Letter of Inquiry
What is a letter of inquiry?
Foundations typically indicate what type of materials they prefer to receive when you have a project that you think may interest them. Often, the first contact is via a brief, one- to three-page letter of inquiry (LOI), which many foundations accept on a rolling basis. Alternatively, some funders will ask that you submit an initial letter of intent to apply for a program for which they have a formal proposal request process (a Request for Proposal, or RFP).
Letters of inquiry should be clear, concise and engaging. Initial research about the mission and program areas at the foundation is essential, and each letter should be tailored to the individual foundation.
Please contact our office if you are planning to submit a letter of inquiry. We can help with framing the LOI for the particular foundation, providing content feedback and editing before it goes to the prospective funder.
What is the format?
Individual funders may specify the content and length of this initial letter, though others may not. In general, the purpose of the letter of inquiry is to generate interest and a desire to hear more in a full proposal. At the same time, the LOI should provide enough detail about the problem and your project to allow readers to understand your general approach, methods, data, and analysis plans.
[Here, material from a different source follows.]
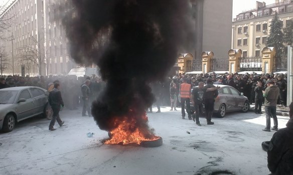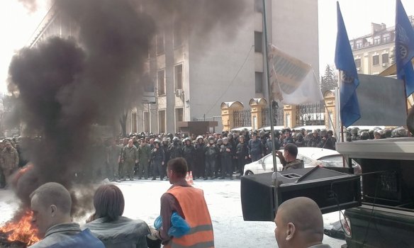 LifeNews сообщает, что силовики уже сформировали кордон перед администрацией. Они хотят преградить активистам "автомайдана" пути к зданию. Сообщается, что лица и одежда участников столкновений, а также автомобили, припаркованные рядом, покрыты белым порошком. Вероятно, сотрудники правительственного учреждения с правоохранителями пытались потушить горящие покрышки с помощью огнетушителей.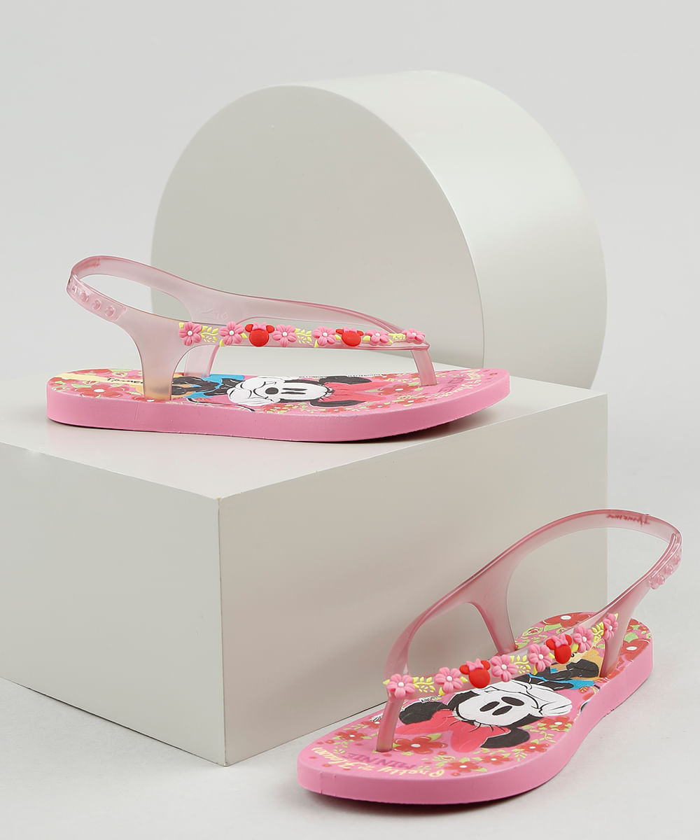 Rasteirinha infantil feminina desenvolvida em material emborrachado maleável. O modelo Disney Joy tem tema da personagem Minnie Mouse com flores. O cabedal de dedo é transparente com aplicação temática e fechamento lateral com níveis de ajuste.

Below you can find guidance for writing each section of the LOI.
- The significance of the problem
- Your general approach to the project
- How your project will contribute to solving the problem
- How your project relates to the foundation’s mission, interests and defined program areas
- An estimate of the budget that you will be requesting from the foundation and the timeline to complete the project
The body of the letter will explain the project in more detail, including:
- A brief introduction to the literature that you will draw on in designing your study. This should not be exhaustive but should rather demonstrate that you are sufficiently well-read in the area to identify a meaningful question or issue to address.
- Research questions/hypotheses that the study will focus on. The reviewer should be able to understand how these were derived from your understanding of the literature just presented.
- Overview of the conceptual framework, study design and data to be collected/analyzed
- Brief description of analysis plans. As in a full proposal, the reviewer should be able to understand how the methodology relates to the research questions.